Here is how the optimists are thinking. If we beat LSU, then we don't want to give up on the season until if / when we hit that 12th conference loss. If that happens, then we will join all of you who are thinking about next year and who the new coach will be. Of course, being excited the day Moser is fired may equate to a dog chasing a car and catching it. In other words, what happens next? Without an AD who can make a good hire or even care about basketball, not having competitive NIL money, and not having a fan base that gives a crap, and it won't matter who the head coach is. This has been a collective failure to this point, so the delusional ones are those who think all the problems will be solved once Moser is out of the picture.
Oh I promise you there are a handful of our regular posters who still think he is a good coach and that none of this is his fault. They blame NIL and Joe and the arena and are convinced that Moser is doing everything possible and that no one could be realistically expected to do a better job. Hell, people were making this argument right up till last night. If four years hasn’t been long enough to convince them, another in a long line of embarrassing, lopsided losses won’t be enough to change their minds.
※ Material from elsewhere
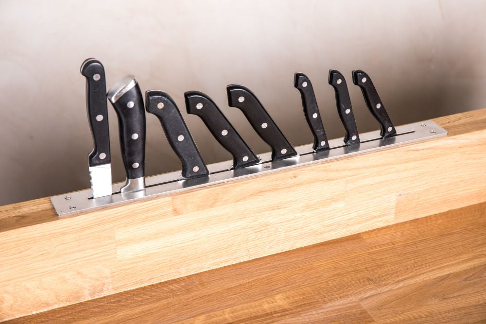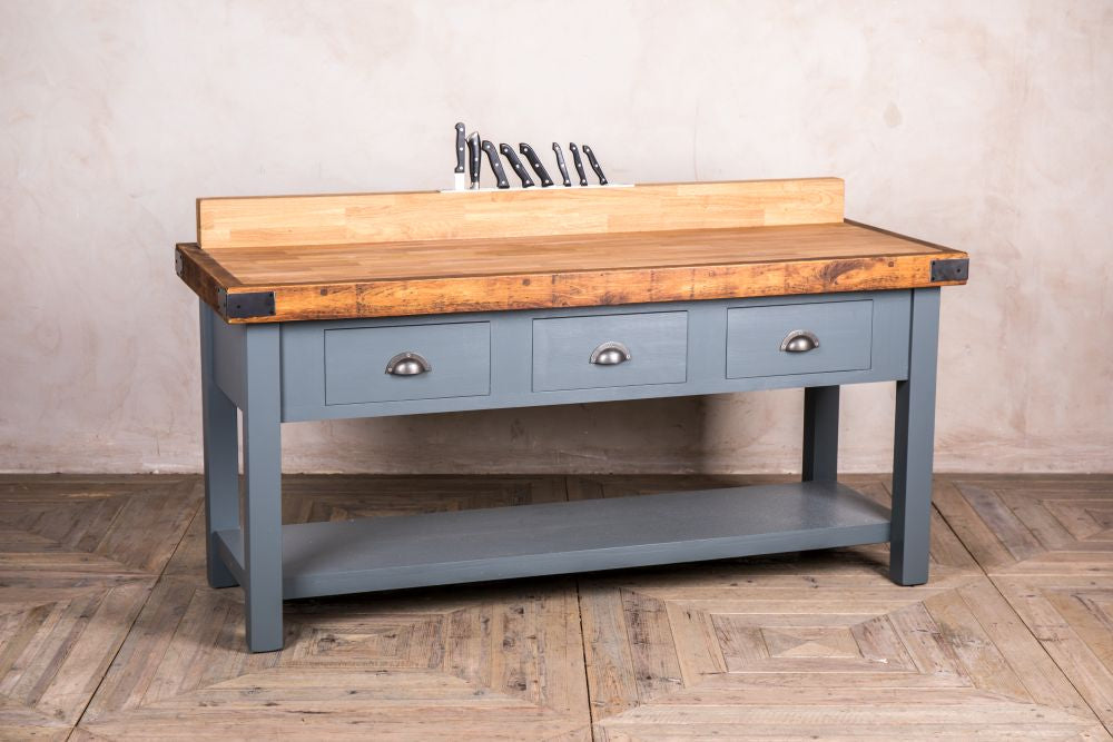 Complete with a stainless-steel knife rack to the rear upstand, our Bespoke Oak Top Butcher's Block Sideboard oozes country charm and practicality.
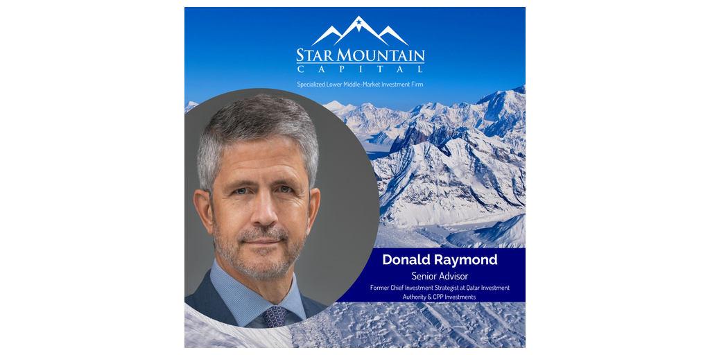NEW YORK–(BUSINESS WIRE)–Star Mountain Capital, LLC (“Star Mountain”), a rapidly growing, employee-owned investment firm with approximately $4.5 billion in assets under management (โAUMโ), is pleased to announce that Donald Raymond has joined the firm as a Senior Advisor. Dr. Raymond will add value to Star Mountain by supporting investment and portfolio construction efforts, contributing to firmwide thought leadership through his rigorous, research-driven approach and leveraging his senior leadership experience at Qatar Investment Authority (QIA) and Canada Pension Plan Investment Board (CPP Investments).

And people don’t want to hear this, but South Carolina means nothing. They are a winless team, were missing a key player, and, in our gym, hung around for 30 minutes till we put together a good 10-minute stretch. Vandy was an incredible half of basketball, but that’s all it was … one half. That represents 1/62 of our season.
Arizona and Michigan are impressive wins, but we didn’t play the Arizona team that is in second place in their league and one of the hottest teams in the country. We played a team that was .500 through the first 8 weeks of the season and looked absolutely awful. The win helps our metrics just the same, but for people to point to that game as a way of clinging to the hope that there is something good or great within our team is silly.
And count me firmly in the group that believes wholeheartedly that a good coach could turn this around quickly, even without a massive change in any of the external factors. We have won for decades without a huge budget, without fan support, and without a good arena. In the pre-NIL era, we won while being one of the rare programs that wasn’t illegally paying guys. We won big for a dozen years under Kelvin without putting a single player in the NBA. That’s really what the NIL argument boils down to — an argument that because we don’t have money, we won’t be able to get top talent, and therefore, we won’t win. Well, with a couple notable exceptions, our program went the better part of 30 years winning a ton of games, and rarely missing the tournament, despite not having high level players. The particulars of the system have changed, but good coaches can still get more out of whatever players they do have. Guys like Loser, on the other hand, flounder when they have players like Fears, Moore, Oweh, and Uzan.